> Recorded data:
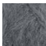
515 Mørk grå
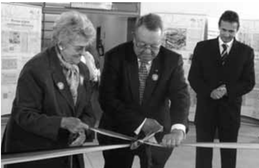
Eröffnung der Ausstellung

Erst ab 1850, die Stadt São Paulo wurde als Handelsplatz für Kaffee und als Durchgangsstation zum Hinterland immer wichtiger, siedelten sich in dieser schnell wachsenden Metropole weitere deutsche Einwanderer an.
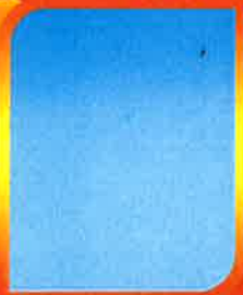
ว่าง พนักงานจ้างทั่วไป
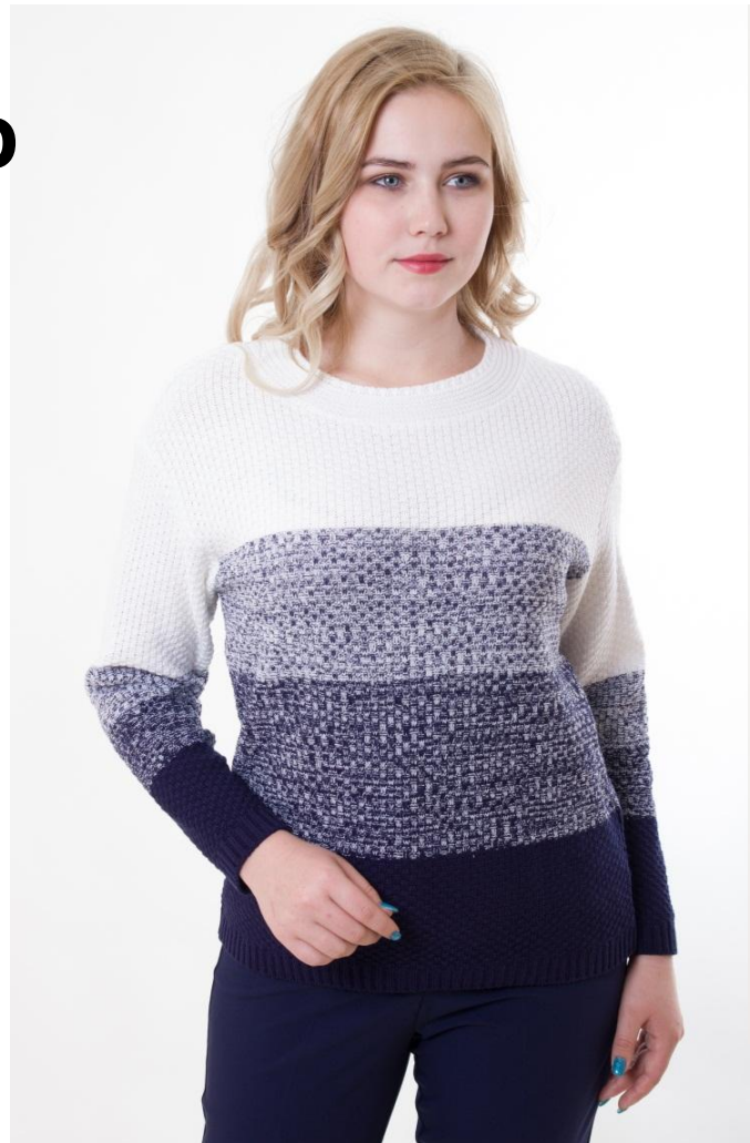
Цвет белый + синий Разм. 46-56
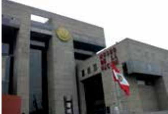
Museo Nacional de Perú
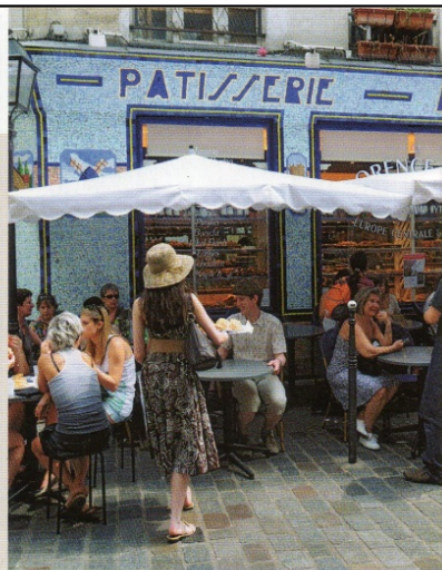
Une boulangerie de quartier, Paris, 2015.

■ D'après Jean Ollivro, « La mondialité », « La distance objet géographique », Atala , 2009.
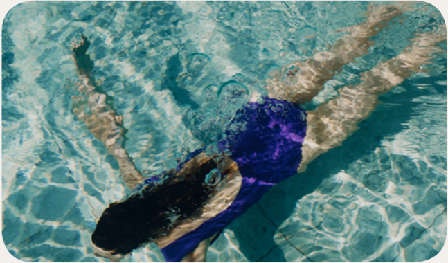
Club Med 水療池 室內游泳池

淡水游泳池, 僅供在 Club Med 水療中心預訂護理的 GM® 使用。 前往水療中心提前預約 深度(最淺/最深): 1.7公尺 / 1.7公尺
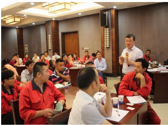
光明铁道控股有限公司 《企业优秀班组长技能提升》
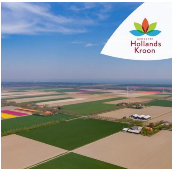
Wieringermeer vanuit de lucht
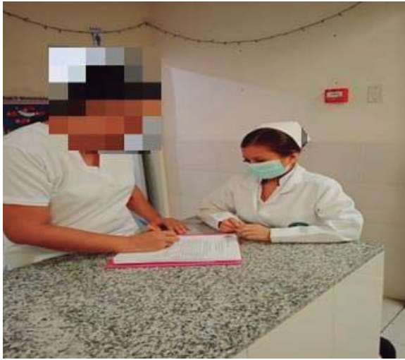
Imagen 1. Socialización del proyecto con los internos de enfermería
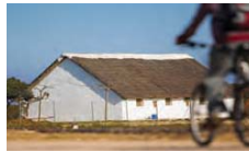
3 Barraca tradicional

Un cop abandonem el Port d'illa de Mar (Km 6,5) , continuem per un camí d'arena compacta que voreja la badia (a la nostra esquerra i amb un desaigüe a la nostra dreta). Al cap de 900 metres, arribem al desaigüe del Rompenit , que el creuem per un pont de formigó amb uns elements metàl·lics ( Km 7,4 ).
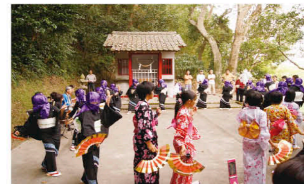
伊勢神社に踊りを奉納

10月27日、花熟里地域(吹上)の伊勢神社で、永吉ほうそう踊りが奉納されました。
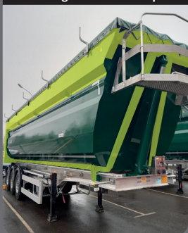
Ceinturage de caisse complet

Conception robuste grâce à un ceinturage complet de la caisse
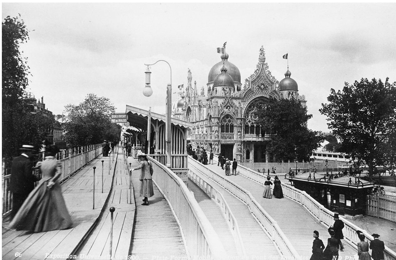
Figura 6. Scorcio del padiglione dal pont des Invalides ( Exposition universelle 1900a )

una cupola. A questa sala s'innestano due bracci quadrati che generano una pianta a croce, che origina, in corrispondenza degli angoli, quattro spazi minori su due piani, separati dalle sale adiacenti mediante arcate sorrette da colonnine. Sul lato ovest è ripreso il medesimo schema compositivo, ma in luogo del vestibolo si sviluppa uno scalone monumentale (affiancato da due sale) che, nel riprendere la scala dei Giganti del Palazzo Ducale di Venezia, conduce al primo piano a una loggia balaustrata che percorre il perimetro dell'edificio (Frizzi 1900, 18-20).
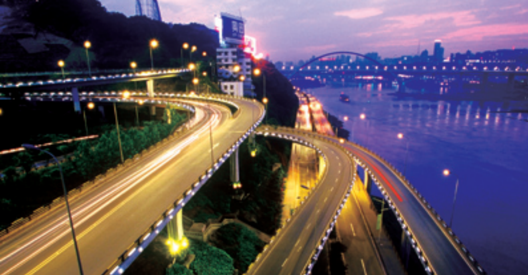
Чунцин – город в горах
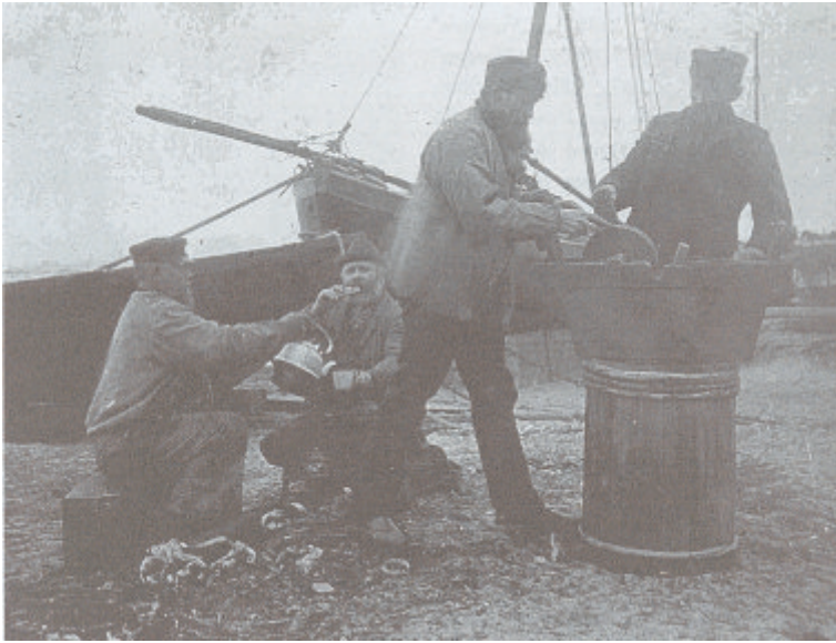
Auf der Munkmarscher Werft
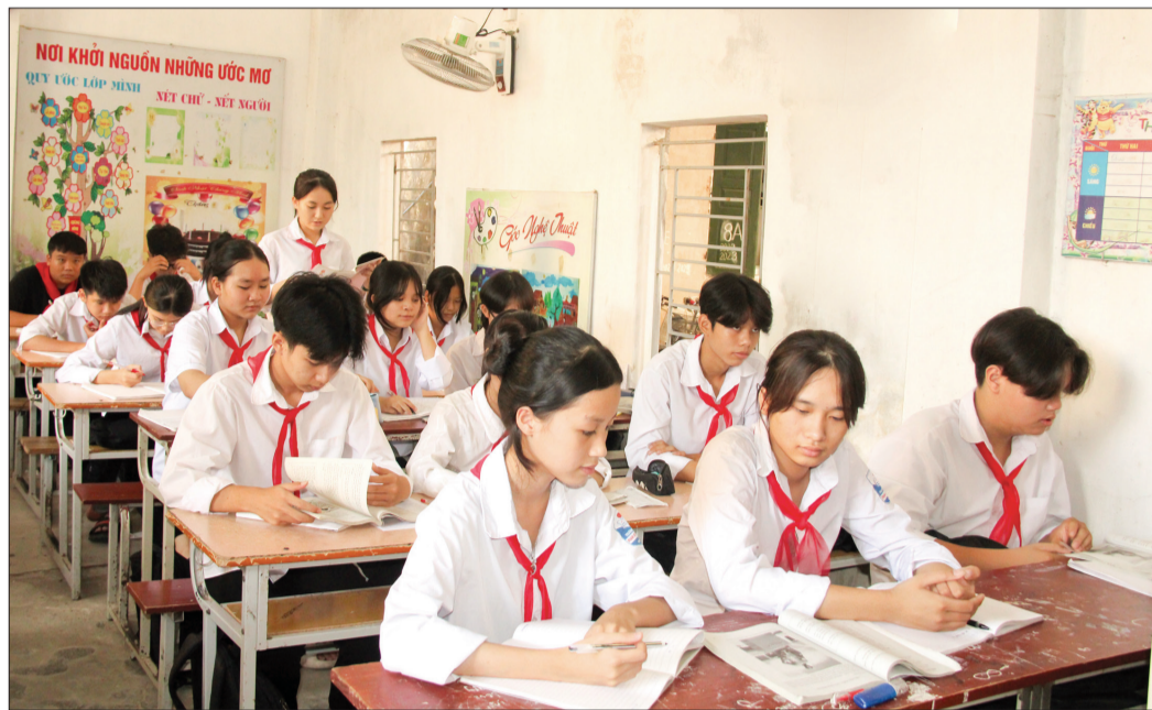
Học sinh Trường THCS Phạm Huy Quang bước vào năm học mới với nhiều quyết tâm mới.

Năm học 2021 - 2022, ngành giáo dục huyện Đông Hưng bứt phá vươn lên vị trí dẫn đầu khối các huyện, thành phố trong tỉnh. Đây là kết quả từ sự đoàn kết, thống nhất, không ngừng đổi mới, sáng tạo, nâng cao chất lượng giáo dục toàn diện, giáo dục mũi nhọn. Bước vào năm học 2022 - 2023, toàn ngành triển khai nhiều giải pháp phấn đấu duy trì, giữ vững thành tích đã đạt được.
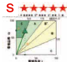
CASBEE 柏は、建築物の環境効率を5段階のランキングで表示します。
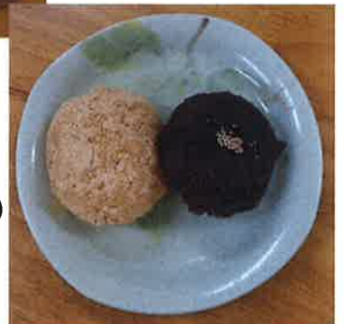
食べ応えがある 二色おはぎが 完成です！！(→)
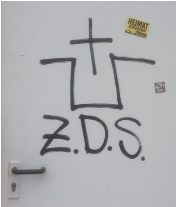
Oft als Schmiererei zu sehen: Das Ustaša-U mit einem Kreuz darüber. Die Abkürzung Z.D.S. steht für „Za dom spremni!“ („Für die Heimat bereit!“), dem Gruß der faschistischen Ustaša.
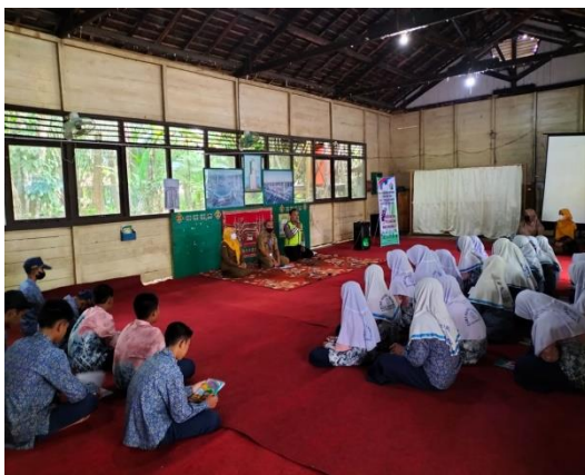
Gambar 4.9 Kegiatan Penyuluhan

Dan yang terakhir pada bulan Desember, kegiatan yang dilakukan yaitu pelatihan microsoft office word yang diikuti 5 peserta, kegiatan ini bekerja sama dengan PKBM (Pusat Kegiatan Belajar Masyarakat) Amandit. Dan kegiatan penyuluhan pencegahan kekerasan terhadap anak yang diikuti sebanyak 20 peserta, kegiatan ini bekerja sama dengan Dinas PPKB PPPA ( Pengendalian Penduduk Keluarga Berencana Pemberdayaan Perempuan Perlindungan Anak)”.
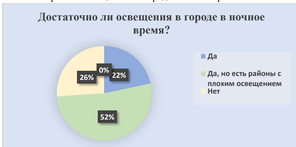
Рис. 8 – Данные о наличии достаточного ночного освещения в городе

Из содержания рисунка 8 видно, что 52 % опрошенных считают количество наружного освещения в городе достаточным, однако это наблюдается не во всех районах города. Не стоит упускать из вида показатель недостаточного освещения в Волгограде, так как его выбрали 26 % респондентов. Данные позволяют судить о выполнении программы в неполном объеме.
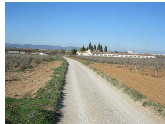
Tram 1: Granja Morros
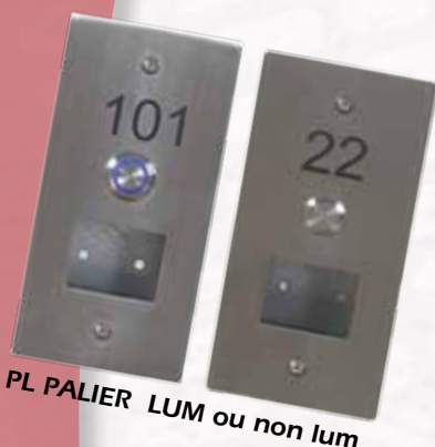
PL PALIER LUM ou non lum
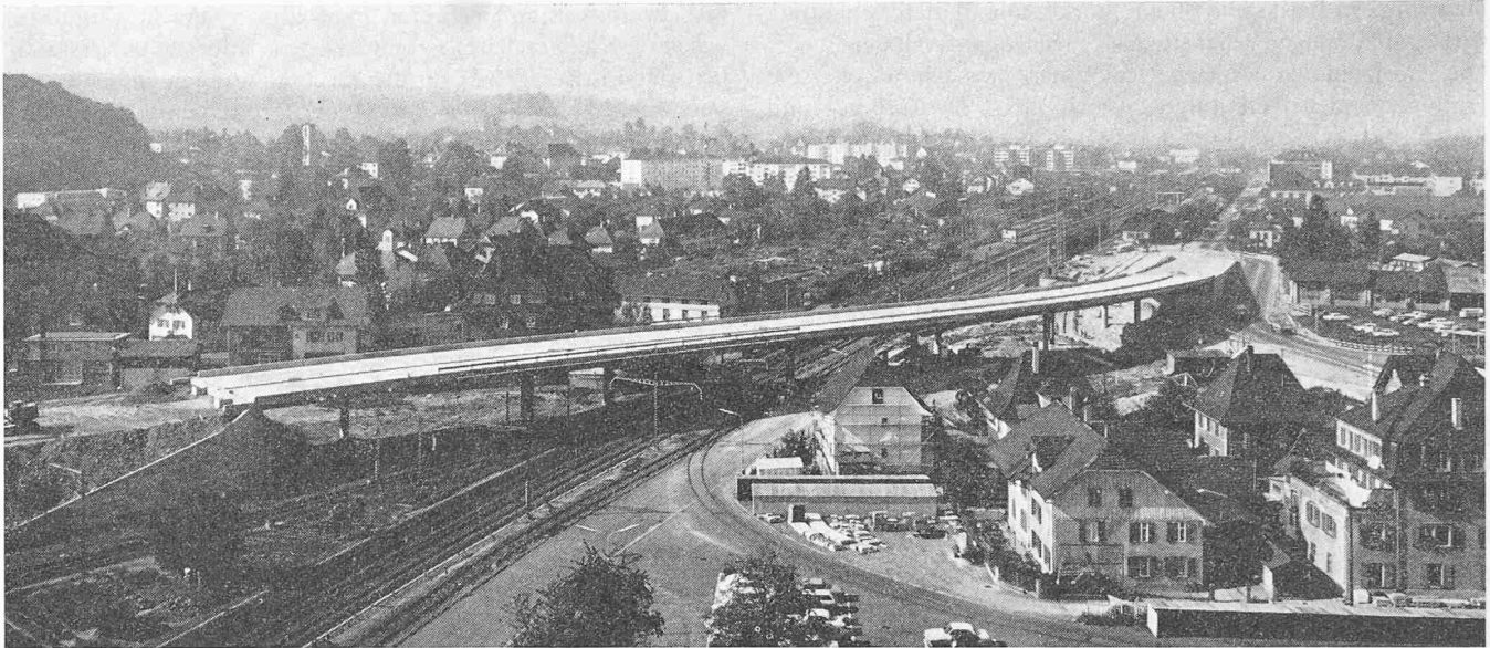
Überführungsbauwerk Aarmatt in Zuchwil
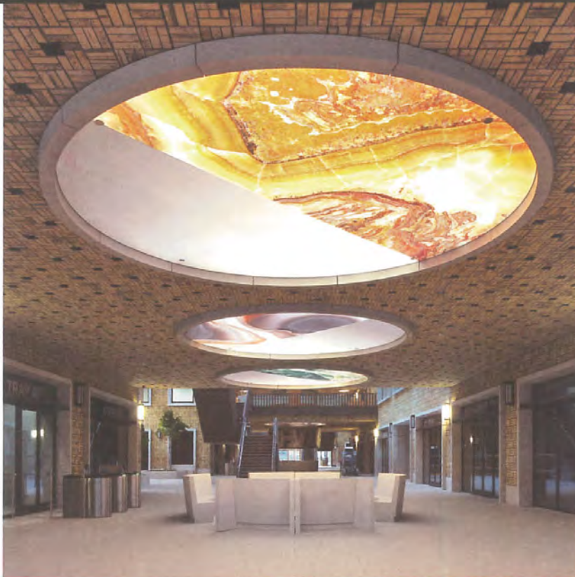
Nevelings Riedijk Architects
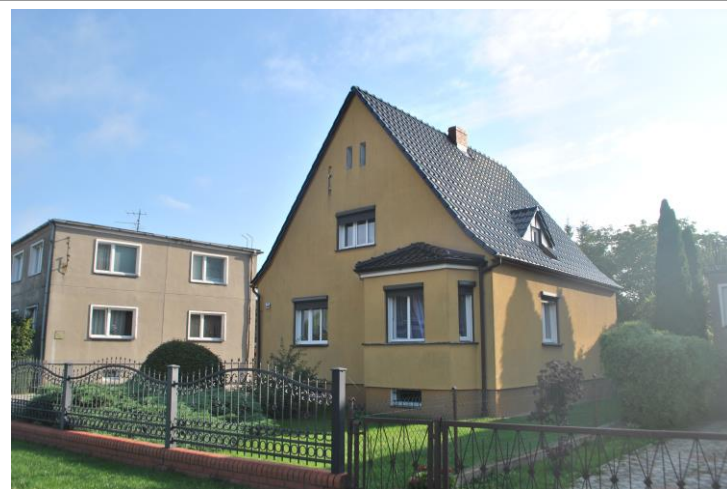
Dom, widok od SW

Sulechów, ul. Odrzańska 30 (dz. nr ewid. 1006)
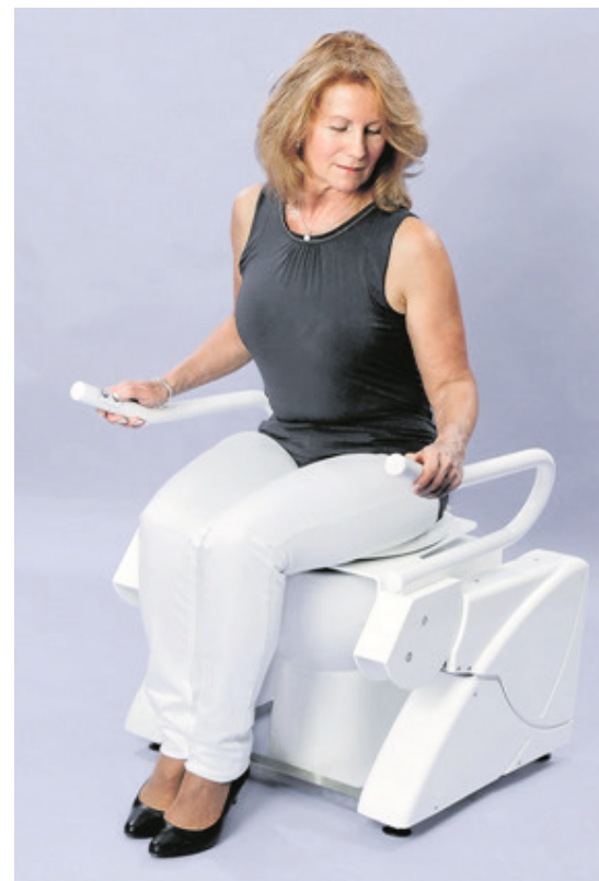
Bei GL Projects kann man die WC-Aufstehhilfe R2D2 (Bild) oder BC65 in Zukunft auch mieten. Ein regelmäßiger Service wird im Mietpreis inkludiert sein.
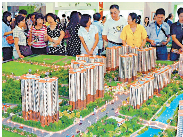
▲廣州下半年將增加住宅用地供應，其中住宅用地與商業用地比例將達一比一
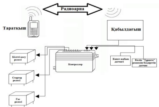
Сурет 1 – Құрылғының құрылымдық сұлбасы
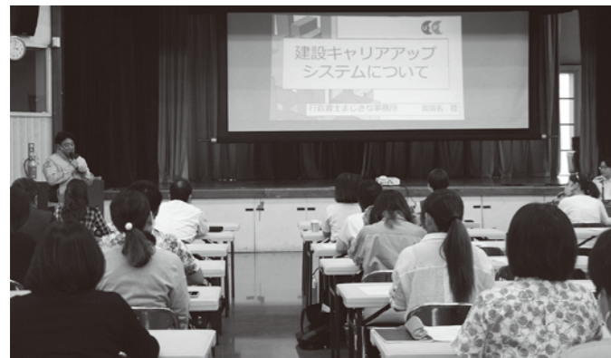
建設キャリアアップ制度説明会

本説明会へは、沖縄商工会議所議員、建設業部会員から35名の方々が参加されました。
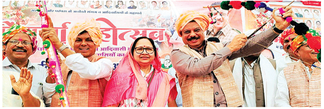
हरिभूमि न्यूज | झिरन्या
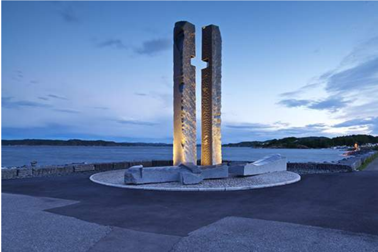
Figur 32. Monumentet over slaget ved Nesjar i 1016.
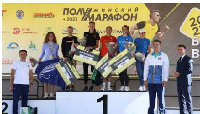
Результаты Международного турнира памяти Заслуженного тренера БССР Е.М. Шукевича
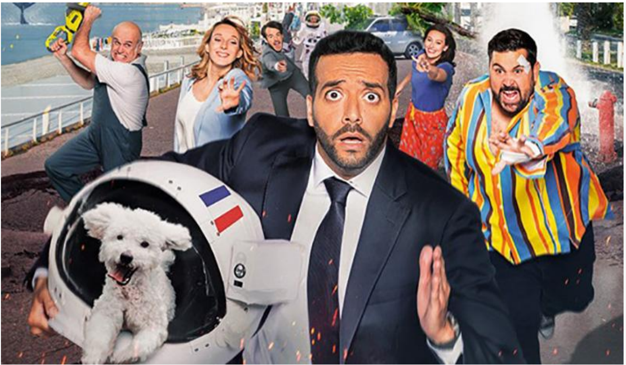
Постер к фильму «Не звезды!»

> Your objective:
From the first line of the records through the line with "Une boulangerie de quartier, Paris, 2015.", reproduce each line exactly and leave the pictures out.

> Exercise solution:
515 Mørk grå
Eröffnung der Ausstellung

Erst ab 1850, die Stadt São Paulo wurde als Handelsplatz für Kaffee und als Durchgangsstation zum Hinterland immer wichtiger, siedelten sich in dieser schnell wachsenden Metropole weitere deutsche Einwanderer an.
ว่าง พนักงานจ้างทั่วไป
Цвет белый + синий Разм. 46-56
Museo Nacional de Perú
Une boulangerie de quartier, Paris, 2015.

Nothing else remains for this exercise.